The present application claims priority under 35 U.S.C. §119 to Korean Patent Application No. 10-2007-0102125 (filed on Oct. 10, 2007), which is hereby incorporated by reference in its entirety.

BACKGROUND

Generally, an isolation layer is formed to discriminate or otherwise define active and inactive areas in a semiconductor device. One method of forming an isolation layer includes shallow trench isolation (STI). In STI, a shallow trench is formed in a semiconductor substrate and is then filled up with an insulating material.

As illustrated in example FIG. 1A, a method of forming an isolation layer in a semiconductor device may include sequentially forming silicon nitride layer 2, silicon oxide layer 3 and bottom anti-reflective coating (BARC) layer 4 on and/or over semiconductor substrate 1. Silicon nitride layer 2 and silicon oxide layer 3 are formed by chemical vapor deposition (CVD). Photoresist pattern 5 is then formed on and/or BARC 4. Photoresist pattern 5 is provided to discriminate an active area and an inactive area that will be formed on and/or over substrate 1. Photoresist pattern 5 is formed to correspond to the active area in which a prescribed semiconductor device including a transistor will be formed.

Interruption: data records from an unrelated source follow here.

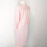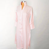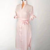 Made exclusively for Shirtini - The League shirt dress from Claridge and King. 100% cotton with a silky finish. Long length with high side slits. Hits just below the knee on most. Side seam pockets (we love pockets). Fabric covered buttons run the entire length of the dress. Bracelet length sleeves. Inspired by their popular fitted shirt, The League, the dress also features a 2 1/2 inch stand-up collar & V-neck opening. Included is a fabric belt to tie or bow as you please. No belt loops so you can wear it unbelted too.
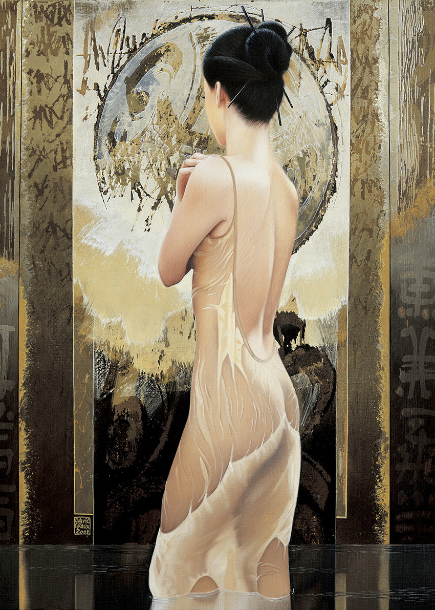 Keywords: person, female, lady, woman, see through dress, hair up, Japanese style,hair bun, hair sticks, Asian influence, woman standing, Asian characters, writing
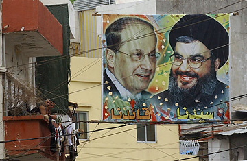 Poster of Christian Maronite leader General Michel Aoun (L), and leader of Hezbollah sheikh Hassan Nasrallah (R), in Beirut, Lebanon, 05 August 2007.
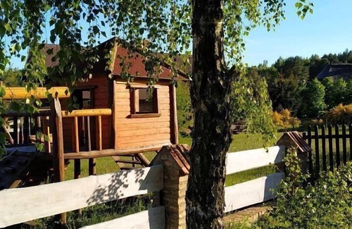 In the area there are three "twins" housesTwo of bricks and one of logs.A log house has its unique atmosphere of a country house with all the equipment you need to spend time with your family. Brick houses have their unique charm, brick adds warmth and character.Each segment of the cottage has a floor on which there are two bedrooms, one with three single beds, the other with one double and one single with balcony. At the bottom of the houses is a living room with kitchenette and bathroom. In the living room you can light a goat and have a good time on rainy evenings.At each house, guests have at their disposal a stone barbecue, wooden benches and deckchairs, which can be taken to the beach as well as bikes for the whole family;)The plot is vast, which makes our guests have space and freedom.We care for an intimate atmosphere far from populated and cramped facilities. We want you to take a break from a fast life in a quiet and safe environment.Every year we make changes for the better by listening to the suggestions of our guests.Do not wait and rest "Under Sumakiem"We invite you and wait;)Short description 1Number of kitchens : 1Garden and outdoorGarden facilities : GrillOutside area: Grill;House information: Bathrooms: 1; Bedroom;Living area: TV;Bath/WC: Toilet;Other: No internet; Pets allowed: max. 1;Distances (linear, approx.): Distance to the sea: 0,35 km;Garden and outdoorGarden facilities : GrillOutside area: Grill; House information: Bathrooms: 1; Bedroom; Living area: TV; Bath/WC: Toilet; Other: No internet; Pets allowed: max. 1; Distances (linear, approx.): Distance to the sea: 0,35 km;Garden and outdoorGarden facilities : Grill
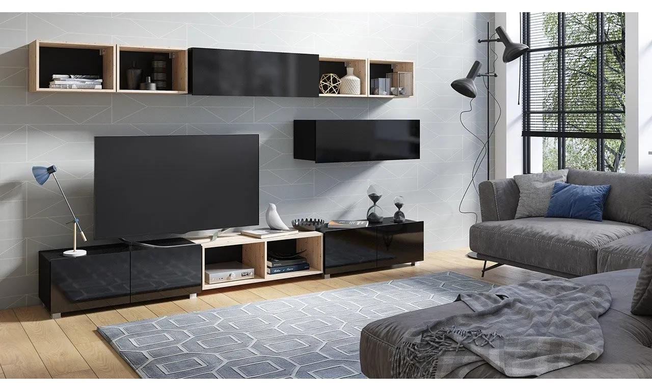 Hľadáte riešenia modernej obývacej izby, ktoré budú praktické ? Ak áno, nezabudnite sa pozrieť na našu ponuku – obývacia stena Bralani!Obývacia stena sa skladá z dvoch segmentov: horného a dolného. Horná časť nástennej jednotky ponúka vďaka otvoreným poličkám veľa priestoru na zobrazenie vašich obľúbených fotografií, suvenírov alebo kníh. Otvorené police tiež spôsobujú, že stenová jednotka vyzerá ľahko a elegantne. Okrem toho sú v hornej časti dva skrinky, v ktorých môžete ukladať menej elegantné predmety. Spodná časť nástennej jednotky ponúka dva skrinky a jednu otvorenú poličku. Môžete zavesiť spodnú časť nástennej jednotky na stenu alebo postaviť na nohy, ktoré sú súčasťou súpravy.Rozmery prvkov súpravy:Závesná polica Bralani BR02: – x 2,šírka: 105 cm, výška: 35 cm, hĺbka: 32 cm,Televízna skrinka Bralani 100 BR03: – x 2,šírka: 100 cm, výška: 37 cm, hĺbka: 43 cm,Závesná polica 50 Bralani BR14: – x 4,šírka: 50 cm, výška: 33 cm, hĺbka: 30 cm,Závesná polica 100 Bralani BR15:šírka: 100 cm, výška: 31 cm, hĺbka: 41 cmprevedenie:korpus: 16 mm laminovaná drevotrieska,fronty: 15 mm laminovaná drevotrieska,Hrana z PVC na prednej stranebez úchytiek,Televízna jednotka a polica BR14 / 15 sú univerzálnym prvkom – stojace (5cm strieborné nohy) alebo závesné,platne na pripevnenie skriniek k stene v súprave, žiadne montážne kolíky (zákazník si musí kúpiť vlastné)Záruka: 24 mesiacov
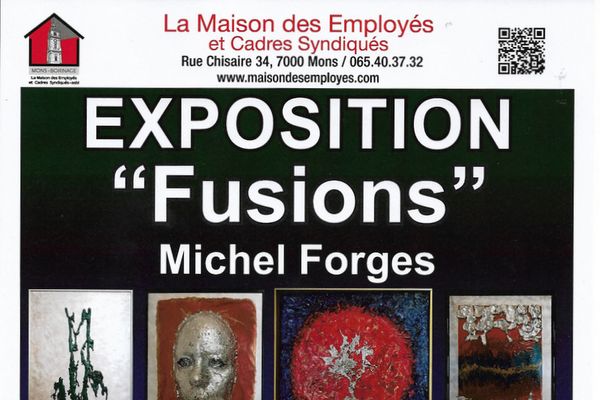 Michel Forges expose ses oeuvres abstraites, métalliques, symboliques. 4 thémes abordés: métalliques (avec des déchets d'aciérie), les arbres de vie (en relief avec des projections d'étain), la féminité ( en relief avec des projections d'étain).
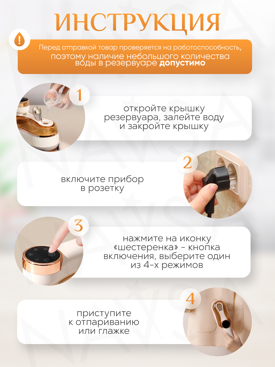 Отпариватель ручной для одежды вертикальный и горизонтальный NAVISA мощный, дорожный мини утюг бежевый
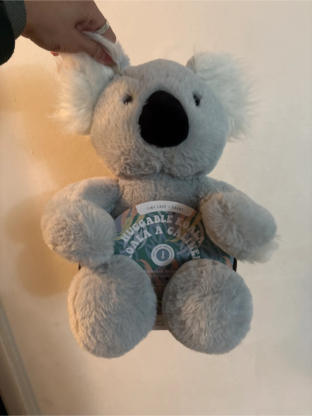 This is a huggable koala plush toy. It's designed to be microwaved for warmth. The inner bag holds heat for up to 60 seconds depending on wattage.

As illustrated in example FIGS. 1B to 1D, an etch process is performed using photoresist pattern 5 as an etch mask until a surface of substrate 1 is exposed. BARC layer 4, silicon oxide layer 3 and silicon nitride layer 2 are partially removed by the etch process. Subsequently, using the etched silicon oxide layer 3′ and silicon nitride layer 2′ remaining after the etch process as an etch mask, the exposed surface of substrate 1 is etched to form trench (A) in substrate 1. As illustrated in example FIG. 1C, trench (A) is then filled up with oxide layer 6. Optionally, a liner oxide layer can be formed by performing oxidation on a sidewall and bottom of the trench before the trench is filled with the oxide layer. As illustrated in example FIG. 1D, silicon oxide layer 3′ and silicon nitride layer 2′ are then removed from substrate 1.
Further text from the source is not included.